### What you are asked to do
Using the entries that follow, write out the line containing "Faith takes the", the line containing "1977 OPC NHL", and every line between them, exactly and nothing else.

Source records
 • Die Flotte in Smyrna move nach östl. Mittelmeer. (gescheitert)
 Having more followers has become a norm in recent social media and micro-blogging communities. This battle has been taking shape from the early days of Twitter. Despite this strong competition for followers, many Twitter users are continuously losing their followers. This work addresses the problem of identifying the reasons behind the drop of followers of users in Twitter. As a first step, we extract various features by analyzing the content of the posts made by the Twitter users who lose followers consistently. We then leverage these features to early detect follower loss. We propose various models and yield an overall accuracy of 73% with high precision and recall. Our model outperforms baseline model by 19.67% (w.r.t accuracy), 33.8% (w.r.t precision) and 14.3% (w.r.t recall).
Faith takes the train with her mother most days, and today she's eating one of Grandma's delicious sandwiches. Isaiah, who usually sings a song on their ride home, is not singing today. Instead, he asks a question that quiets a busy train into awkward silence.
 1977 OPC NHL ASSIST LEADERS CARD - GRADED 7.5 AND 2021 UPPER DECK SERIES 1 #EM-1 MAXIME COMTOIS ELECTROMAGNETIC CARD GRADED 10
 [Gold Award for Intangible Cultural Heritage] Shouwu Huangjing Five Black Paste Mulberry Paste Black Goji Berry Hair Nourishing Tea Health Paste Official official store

### Result
Faith takes the train with her mother most days, and today she's eating one of Grandma's delicious sandwiches. Isaiah, who usually sings a song on their ride home, is not singing today. Instead, he asks a question that quiets a busy train into awkward silence.
 1977 OPC NHL ASSIST LEADERS CARD - GRADED 7.5 AND 2021 UPPER DECK SERIES 1 #EM-1 MAXIME COMTOIS ELECTROMAGNETIC CARD GRADED 10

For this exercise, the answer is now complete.